When my back hits the wall, it sanks in making my laughter stop halfway. My initial fear was to know if he would want this too. This is not just about me. It is about us. Our child. I should tell him. Then I would know if he wants a baby as much as I do.
Hurriedly I grab the strip and dump it in the bin before rushing outside, unable to hide my excitement. My husband and I have been married for three years. Our relationship didn't kick off right. We started on the wrong foot. Our marriage was arranged.
From my side, it wasn't arranged. It was what I wanted. I loved my husband right from the very first day I set my eyes on him. As I race up the stairs, my heart keeps pounding harder. When I get to last stairs, I grab onto the stairwell to take in a long breath before moving towards his home office door.
But a sound stops me from opening the door as my hand goes numb on the door handle.
"I love you, joy." My husband's voice booms loudly shocking the living hell out of me.
When his deep rich laughter follows. I know j am not imagining things and this is real. I imagine how his Adam's apple will go back and forth as he chuckled. I imagine how his eyes will beam with delight as he spills the love word without a hassle.
Joy.
Who the hell is that?
Intense anger mixed with jealousy sets in. Who the hell is Joy? Who is she to have had him laughing that way when it took me three good years to finally see his genuine laughter? Unconsciously, I open the door just in time to see him standing up from behind the huge mohagamy brown desk. Our eyes interlock for a second.
I don't know if he can see the anger in my eyes or whether he choose to ignore them because he looks away as though he wasn't being unfaithful a while ago. Just before I can ask him who he was on the phone with just now and why he was telling another woman he loves her, he beats me to it.
"I was just about to come see you." He states reminding me of the reason why I am also here.
Whenever he is in here, I don't disturb him. I rarely come here to see him because he hated interruptions and distractions. Yet he was on a call with a woman telling her he loved her when he was supposed to be working. Rages bubbles inside of me.
"Did you get the papers?" He demands almost immediately not staring at me. Instead he is picking up some files from the desk and dumping them inside his briefcase. He looks like he is going out.

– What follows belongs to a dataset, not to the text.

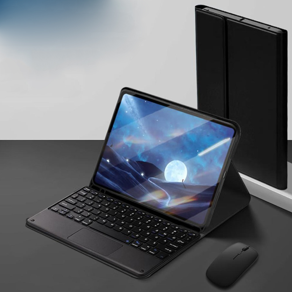 Головна перевага моделі — знімна бездротова клавіатура з магнітним кріпленням. Вона надійно фіксується на внутрішній поверхні чохла, але за потреби її можна легко від’єднати. Клавіатура підключається через Bluetooth і забезпечує стабільну роботу на відстані до 10 метрів, будучи сумісною не лише з планшетом, а й зі смартфонами чи ПК. Елегантний дизайн у поєднанні з практичністю робить цей чохол незамінним аксесуаром для тих, хто цінує стиль та мобільність.

If I haven't overheard his conversation with the so called Joy, I would have assumed he was heading to work. This is usual.
But no.
Deep down, I know work isn't coming. This is Joy calling.

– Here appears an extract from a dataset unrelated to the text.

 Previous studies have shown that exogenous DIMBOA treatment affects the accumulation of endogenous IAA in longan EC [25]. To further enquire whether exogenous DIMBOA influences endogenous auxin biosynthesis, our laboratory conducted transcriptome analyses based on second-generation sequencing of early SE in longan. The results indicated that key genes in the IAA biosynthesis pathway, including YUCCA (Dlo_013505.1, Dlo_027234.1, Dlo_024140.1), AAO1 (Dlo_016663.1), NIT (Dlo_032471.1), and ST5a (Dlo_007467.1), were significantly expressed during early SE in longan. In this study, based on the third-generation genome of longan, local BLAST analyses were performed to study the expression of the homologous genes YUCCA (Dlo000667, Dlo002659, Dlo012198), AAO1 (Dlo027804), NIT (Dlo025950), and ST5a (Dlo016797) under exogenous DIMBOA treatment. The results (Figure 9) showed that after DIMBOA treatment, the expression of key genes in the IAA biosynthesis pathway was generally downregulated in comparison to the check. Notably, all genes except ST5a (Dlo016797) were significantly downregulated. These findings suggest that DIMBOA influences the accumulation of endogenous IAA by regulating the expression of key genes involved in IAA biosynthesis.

"What papers?" My curiosity gets the better of me. I am supposed to ignore him and go straight to the point about the pregnancy. Perhaps that will make him change his mind about being unfaithful.
"The divorce papers." He blurts out indifferently. My jaws drop as I take a step backwards. I didn't see that coming. Divorce? What happened to the changed between us these past few weeks? Is this because of this Joy? How can he do this?
"Di-divorce?" I find myself stuttering as I clench my stomach as though it will vanish into thin air. He nods and darts his eyes towards me.
"My girlfriend, Lee So young is back." He announced without any atom of shame. "Remember the agreement we had? Now that Joy is back, we should get a divorce so I can marry her."
Lee Soyoung? Yeah it is her. How could I have forgotten? I take another step backwards, tears welling up in my eyes and lumps upon lumps getting stuck in my throat.
I shake my head desperately wanting to say something. To fight for us. Keep my marriage intact. To tell him we are expecting a baby. But I know nothing can change his mind. The tall strong handsome man before me is staring at me with hope and strong determination.
His mind can not be changed. Lee Soyoung is the his obsession. If my arranged marriage to him didn't stop him from loving her all these years, then there is nothing that can stop him from marrying her at this point.